Rohan Murdock

Personal information
- Nationality: Australian
- Born: 27 February 1992 (age 34) Perth, Western Australia, Australia
- Height: 1.83 m (6 ft 0 in)
- Weight: Super-middleweight

Boxing career
- Reach: 183 cm (72 in)
- Stance: Orthodox

Boxing record
- Total fights: 30
- Wins: 27
- Win by KO: 19
- Losses: 3

= Rohan Murdock =

Australian boxer

Rohan Murdock (born 27 February 1992) is an Australian professional boxer.

==Personal life==
Murdock was born in Perth but moved to the Gold Coast at a young age.

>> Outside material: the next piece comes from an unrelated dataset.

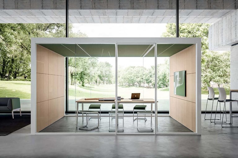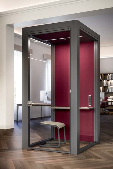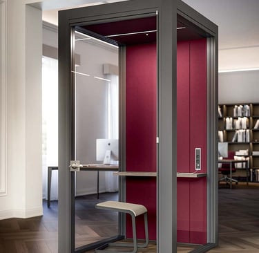 Per chi cerca ambienti più riservati, proponiamo cabine insonorizzate ideali per riunioni, call di lavoro o momenti di concentrazione, riducendo il rumore e migliorando la qualità dell'acustica.

==Professional boxing career==
Murdock made his professional debut in his hometown of the Gold Coast, Australia on 4 December 2010 defeating John Noctor via first-round knockout (KO). He suffered his first and only loss against Steven Moxon via majority decision (MD) on 6 March 2011. Since the loss, he has compiled 19 consecutive victories with 12 KOs. He is scheduled to fight Frankie Filippone on 3 February 2018 in Corpus Christi, Texas. Should Murdock win, there are plans in place to host WBO champion Gilberto Ramirez in his hometown of the Gold Coast in a bout to take place on the beach.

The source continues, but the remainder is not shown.